WHY THIS SCHOOL MAKES SENSE FOR ME
“What I like about here is that it's small.”
“Pretty much my first seven years of teaching, I felt like I was just on my own. I didn't think I had enough professional development. I didn't think I had teacher support. I didn't really have a coach (...) Because those years were so bad, when I got [here] it was all or none. It had to check off all the boxes I wanted, and over my times in schools I was able to start crafting what I wanted in the school. One of the reasons why I left [my previous school] is that I was in a high school and I thought it was too late to help kids, because I was getting kids that were sixteen-seventeen and their mindsets were already fixed. There was no turning back. It was an epiphany for me because it helped me reflect on, Where in my life did I get that pivotal moment? It was in middle school. And it's because I went from a very big public school (…) to a small school where the teachers knew me.”

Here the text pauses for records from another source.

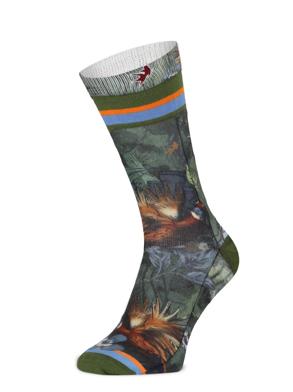 Sokken Watercolor Highland van A Fish Named Fred brengen een bohemian stijl met een levendige dierenprint. Deze heren sokken zijn perfect voor iedereen die houdt van unieke patronen en comfortabele pasvormen. Voeg een vleugje speelsheid toe aan elke outfit met deze opvallende sokken.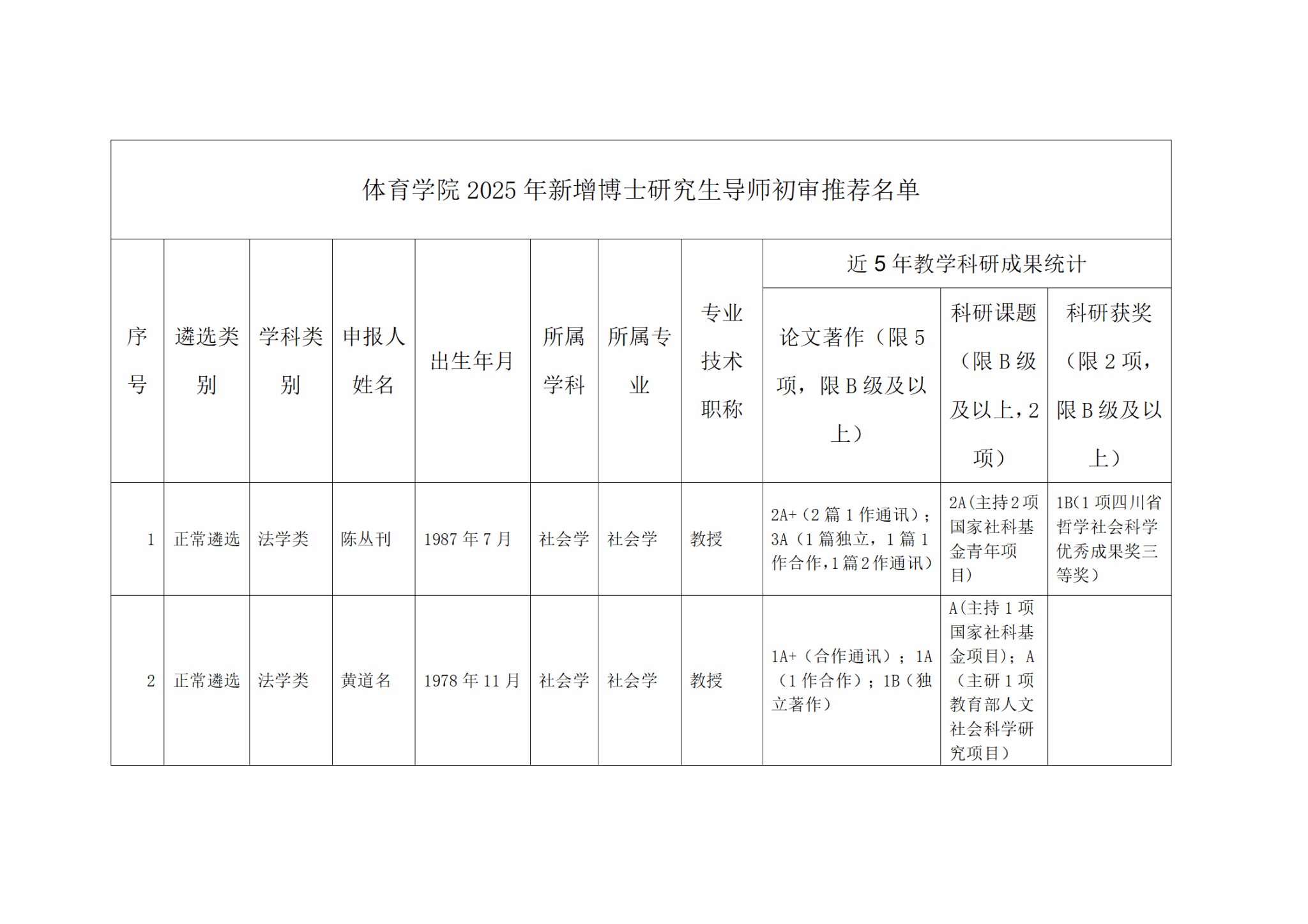 根据《ylzz总站线路检测中心研究生导师岗位管理办法(试行)》(西财大办〔2023〕19号)、《关于2025年新增博士生指导教师遴选工作的通知》要求,经教师本人申请,学院工作人员初审,党政联席会议审查,体育学院学位评定分委会审核,现将本单位初审推荐的2025年新增博士研究生导师名单公示如下(见附件),公示期为2025年10月27日至2025年11月2日。如对公示结果有异议,可在公示期内反馈,联系人:熊老师,联系邮箱:xionglj@swufe.edu.com。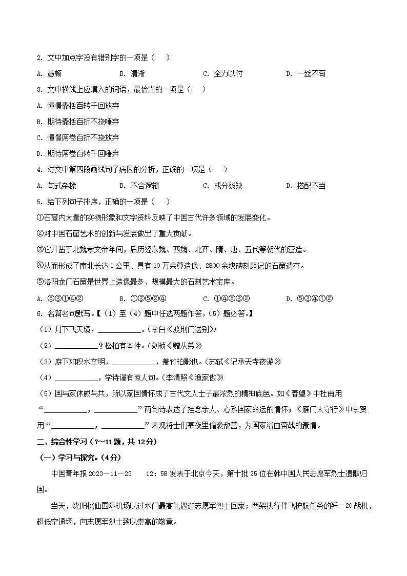 時間:2025-05-09 17:06:00 來源:無憂考網(wǎng) [字體:小 中 大]【文檔名稱】 2023-2024學(xué)年云南省昭通市鎮(zhèn)雄縣八年級上學(xué)期期末語文試題及答案(Word版).doc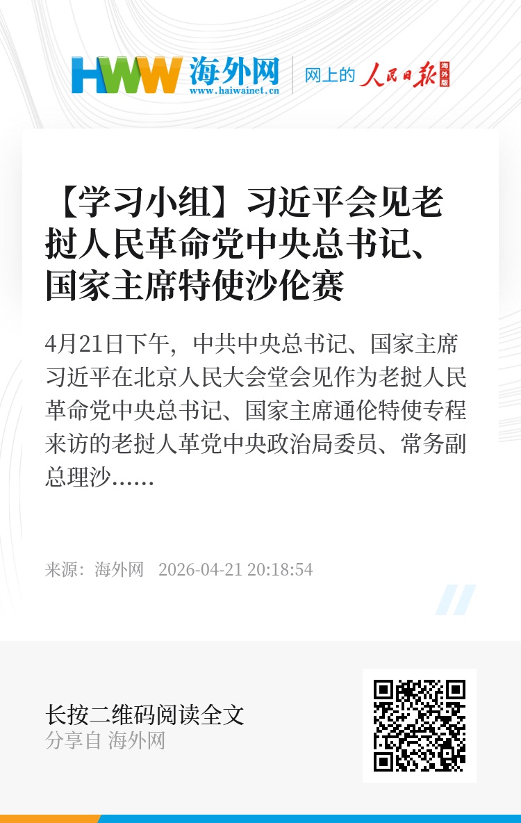 4月21日下午,中共中央总书记、国家主席习近平在人民大会堂会见作为老挝人民革命党中央总书记、国家主席通伦特使专程来访的老挝人革党中央政治局委员、常务副总理沙伦赛。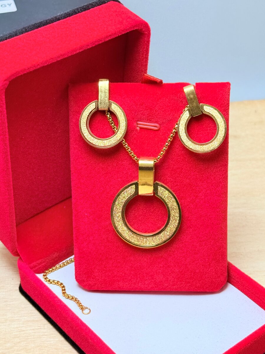 Optez pour cette parure dorée en forme de cercle, idéale pour sublimer vos tenues. Parfaite pour les occasions spéciales ou pour égayer votre quotidien, cette parure se distingue par son style élégant et intemporel. Un choix brillant pour toutes les fashionistas!

“I knew that I wanted a school that was small. I knew that I wanted a school that had the demographics that I wanted in the sense that when I taught my first year after college I taught in a private school and that's when I started crafting—I don't belong here (…) these kids don't need me.”
“By the time I got [here] I knew exactly what I wanted. So I wanted a small school. I definitely wanted to come to middle school. And then I wanted a demographic that fit what I grew up with, and where I could make the biggest difference. So [here] 50% of the population are immigrants.”
“I taught in a lot of schools that were 90% minority but I wanted a school that was reflective of America and I wanted kids to know that there are also White people. So [here] classes are very diverse (...) So kids don't wait until high school or college to see other people that don't look like them."
“As I got through my schools I started seeing a lot of systems break down, so a lot of miscommunication, a lot of red tape. (…) Here, the superintendent is actually the head of school because we're a one-school district, which is crazy to me. So my head of school is actually our superintendent. Whenever I have a question, I just go down the hallway.”
TEACHER COACH
“It wasn't until I came to this school that I was designated a teacher coach who was not my principal and I think that's one of the biggest reasons why I'm happy. Because of course everywhere you teach you're going to have a principal, but part of teaching and honing the craft is—you just want feedback on the teaching. You don't want all this other political, academic jargon—test scores and APPR and all of that. It's just good to focus on little things like, ‘Hey, this slideshow would benefit from a color change, because kids can't see from the back’. You don't get that from certain admin.”